[Dataset excerpts]

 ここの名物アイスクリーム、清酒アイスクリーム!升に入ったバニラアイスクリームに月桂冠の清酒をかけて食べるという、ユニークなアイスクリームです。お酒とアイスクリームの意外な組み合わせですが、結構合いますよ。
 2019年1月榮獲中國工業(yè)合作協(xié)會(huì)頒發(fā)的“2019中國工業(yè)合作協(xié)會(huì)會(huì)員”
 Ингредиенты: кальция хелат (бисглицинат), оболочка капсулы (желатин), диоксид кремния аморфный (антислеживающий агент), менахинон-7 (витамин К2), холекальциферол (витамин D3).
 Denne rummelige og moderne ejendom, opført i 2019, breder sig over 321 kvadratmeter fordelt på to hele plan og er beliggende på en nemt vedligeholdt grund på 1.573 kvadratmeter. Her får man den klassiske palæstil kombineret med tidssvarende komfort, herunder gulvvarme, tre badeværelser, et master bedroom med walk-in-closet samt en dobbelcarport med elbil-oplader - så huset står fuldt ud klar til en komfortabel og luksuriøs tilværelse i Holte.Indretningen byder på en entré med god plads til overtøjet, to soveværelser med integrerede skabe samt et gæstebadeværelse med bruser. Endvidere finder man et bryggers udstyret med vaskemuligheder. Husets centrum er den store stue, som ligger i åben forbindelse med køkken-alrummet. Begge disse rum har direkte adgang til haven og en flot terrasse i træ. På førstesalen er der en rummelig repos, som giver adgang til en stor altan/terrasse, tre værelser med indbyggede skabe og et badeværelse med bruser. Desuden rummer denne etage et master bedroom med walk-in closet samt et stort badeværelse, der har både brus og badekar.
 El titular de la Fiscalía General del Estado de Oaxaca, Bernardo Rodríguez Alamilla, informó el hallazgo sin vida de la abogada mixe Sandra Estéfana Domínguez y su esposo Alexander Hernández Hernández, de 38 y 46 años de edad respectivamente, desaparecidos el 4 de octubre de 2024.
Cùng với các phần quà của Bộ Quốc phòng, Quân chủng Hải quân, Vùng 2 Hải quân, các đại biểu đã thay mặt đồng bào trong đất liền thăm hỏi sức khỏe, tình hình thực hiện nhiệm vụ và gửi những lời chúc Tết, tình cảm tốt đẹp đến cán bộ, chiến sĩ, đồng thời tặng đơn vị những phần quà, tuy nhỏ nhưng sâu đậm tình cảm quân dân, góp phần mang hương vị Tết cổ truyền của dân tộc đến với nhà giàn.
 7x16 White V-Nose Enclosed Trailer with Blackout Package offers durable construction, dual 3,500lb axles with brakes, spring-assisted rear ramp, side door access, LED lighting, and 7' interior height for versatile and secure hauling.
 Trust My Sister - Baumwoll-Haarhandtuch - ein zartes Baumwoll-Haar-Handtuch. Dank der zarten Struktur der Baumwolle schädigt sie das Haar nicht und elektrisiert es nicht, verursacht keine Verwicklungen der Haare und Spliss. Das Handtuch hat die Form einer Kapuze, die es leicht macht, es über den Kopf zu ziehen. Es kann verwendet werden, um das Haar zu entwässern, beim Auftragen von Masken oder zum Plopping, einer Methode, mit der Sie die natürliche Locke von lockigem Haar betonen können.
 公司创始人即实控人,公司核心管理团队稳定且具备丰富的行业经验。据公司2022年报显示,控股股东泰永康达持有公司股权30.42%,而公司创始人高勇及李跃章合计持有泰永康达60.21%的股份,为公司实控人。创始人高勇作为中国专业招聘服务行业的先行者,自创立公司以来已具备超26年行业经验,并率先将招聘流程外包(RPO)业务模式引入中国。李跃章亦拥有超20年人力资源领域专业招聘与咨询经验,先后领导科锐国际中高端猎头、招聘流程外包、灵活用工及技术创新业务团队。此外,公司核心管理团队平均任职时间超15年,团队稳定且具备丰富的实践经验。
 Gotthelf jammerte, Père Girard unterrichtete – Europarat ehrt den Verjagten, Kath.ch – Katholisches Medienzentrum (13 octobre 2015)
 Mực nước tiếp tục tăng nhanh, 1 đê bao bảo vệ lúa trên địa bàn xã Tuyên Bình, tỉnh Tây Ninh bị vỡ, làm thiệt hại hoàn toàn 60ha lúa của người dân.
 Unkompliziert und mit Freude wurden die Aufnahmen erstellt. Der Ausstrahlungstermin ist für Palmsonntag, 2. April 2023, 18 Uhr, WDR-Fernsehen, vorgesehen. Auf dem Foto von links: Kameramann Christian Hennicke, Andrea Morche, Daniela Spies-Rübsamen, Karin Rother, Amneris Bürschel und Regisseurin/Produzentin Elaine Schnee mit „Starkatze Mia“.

§ Problem description:
Copy range, inclusive: the line holding "Ингредиенты: кальция хелат" to the line holding "Cùng với các". Reproduce exactly those lines of the records above and no others.

§ Finished exercise:
 Ингредиенты: кальция хелат (бисглицинат), оболочка капсулы (желатин), диоксид кремния аморфный (антислеживающий агент), менахинон-7 (витамин К2), холекальциферол (витамин D3).
 Denne rummelige og moderne ejendom, opført i 2019, breder sig over 321 kvadratmeter fordelt på to hele plan og er beliggende på en nemt vedligeholdt grund på 1.573 kvadratmeter. Her får man den klassiske palæstil kombineret med tidssvarende komfort, herunder gulvvarme, tre badeværelser, et master bedroom med walk-in-closet samt en dobbelcarport med elbil-oplader - så huset står fuldt ud klar til en komfortabel og luksuriøs tilværelse i Holte.Indretningen byder på en entré med god plads til overtøjet, to soveværelser med integrerede skabe samt et gæstebadeværelse med bruser. Endvidere finder man et bryggers udstyret med vaskemuligheder. Husets centrum er den store stue, som ligger i åben forbindelse med køkken-alrummet. Begge disse rum har direkte adgang til haven og en flot terrasse i træ. På førstesalen er der en rummelig repos, som giver adgang til en stor altan/terrasse, tre værelser med indbyggede skabe og et badeværelse med bruser. Desuden rummer denne etage et master bedroom med walk-in closet samt et stort badeværelse, der har både brus og badekar.
 El titular de la Fiscalía General del Estado de Oaxaca, Bernardo Rodríguez Alamilla, informó el hallazgo sin vida de la abogada mixe Sandra Estéfana Domínguez y su esposo Alexander Hernández Hernández, de 38 y 46 años de edad respectivamente, desaparecidos el 4 de octubre de 2024.
Cùng với các phần quà của Bộ Quốc phòng, Quân chủng Hải quân, Vùng 2 Hải quân, các đại biểu đã thay mặt đồng bào trong đất liền thăm hỏi sức khỏe, tình hình thực hiện nhiệm vụ và gửi những lời chúc Tết, tình cảm tốt đẹp đến cán bộ, chiến sĩ, đồng thời tặng đơn vị những phần quà, tuy nhỏ nhưng sâu đậm tình cảm quân dân, góp phần mang hương vị Tết cổ truyền của dân tộc đến với nhà giàn.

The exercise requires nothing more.